Тогда, в те далёкие годы Фронды, когда Франция ещё кипела от мятежей и интриг, Париж встретил его не блеском Версаля, а сыростью Сены, насмешками щёголей в кружевных манжетах и голодом, который грыз желудок сильнее любой шпаги. Он ночевал в дешёвых тавернах на окраине, где запах кислого вина мешался с ароматом жареного каштана, ел чёрствый хлеб и дрался на дуэлях за каждое косое слово о своём акценте, о своих поношенных сапогах, о том, что гасконец - это всегда полу-дворянин, полу-разбойник.
Однажды, в переулке близ Лувра, он скрестил клинки с тремя молодыми придворными, которые решили посмеяться над его выговором; кровь тогда пролилась на мостовую, и он, раненный в плечо, всё же встал, потому что отступить значило бы предать ту единственную вещь, которую он принёс с собой из Кастельмора - свою честь.
Именно тогда, в те первые месяцы, он впервые увидел, как работает настоящая машина двора: не в блеске шпаг, а в полунамёках, в кивках, в молчаливых взглядах, которые говорили больше, чем любые указы. Он пробивался не интригами - он просто не умел лгать ни себе, ни другим, и именно эта прямота, эта гасконская неукротимость, которую парижане поначалу принимали за грубость, вдруг оказалась тем качеством, которое заметили наверху.
Первый королевский кивок пришёл позже, когда Людовик XIV, ещё совсем юный, но уже с тем ледяным, непроницаемым огнём в глазах, что отличал его от всех предшественников, посмотрел на него поверх бумаг в кабинете, полном запаха воска и пергамента, и сказал всего несколько слов, прозвучавших тогда как высшая милость: «Ты будешь служить мне, д’Артаньян. Не короне - мне».

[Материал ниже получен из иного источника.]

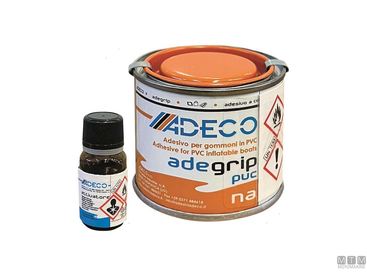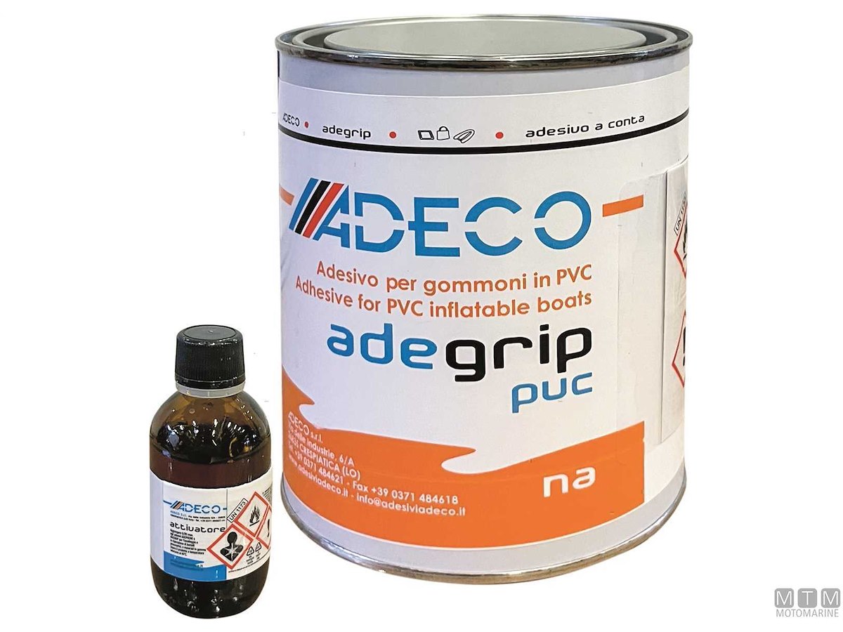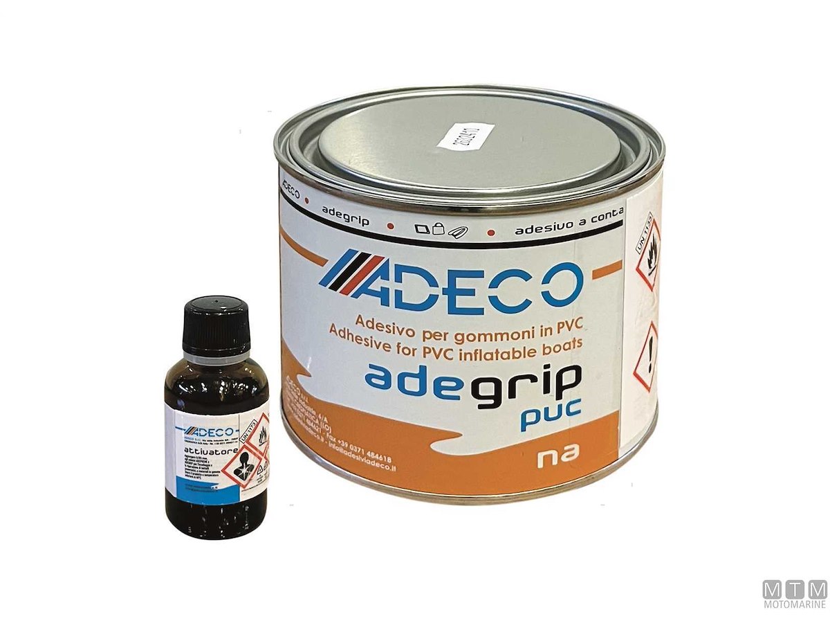 Adesivo poliuretanico bicomponente a contatto specifico per l'incollaggio di tessuti in PVC e materiali in poliuretano. Confezione completa di attivatore.
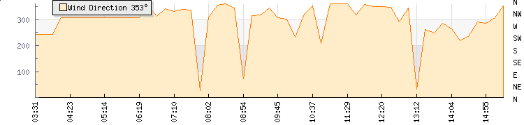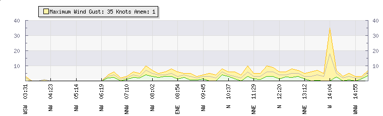 In the last few minutes the wind was West North West at an average speed of 3 knots, reaching up to 5 knots and a low of 0 knots. The gust strength is5 knots above the minimum speed |

В тот миг гасконец почувствовал, как взлетает выше всех своих обедневших предков, выше всех тех, кто остался в пыльных виноградниках Гаскони; он не заметил - или не захотел заметить, - как в этом кивке уже таилась не просто благодарность, а холодная, почти математическая прикидка: вот человек, который не станет торговаться, не станет задавать лишних вопросов, человек, который пойдёт до конца, потому что для него служба и есть смысл.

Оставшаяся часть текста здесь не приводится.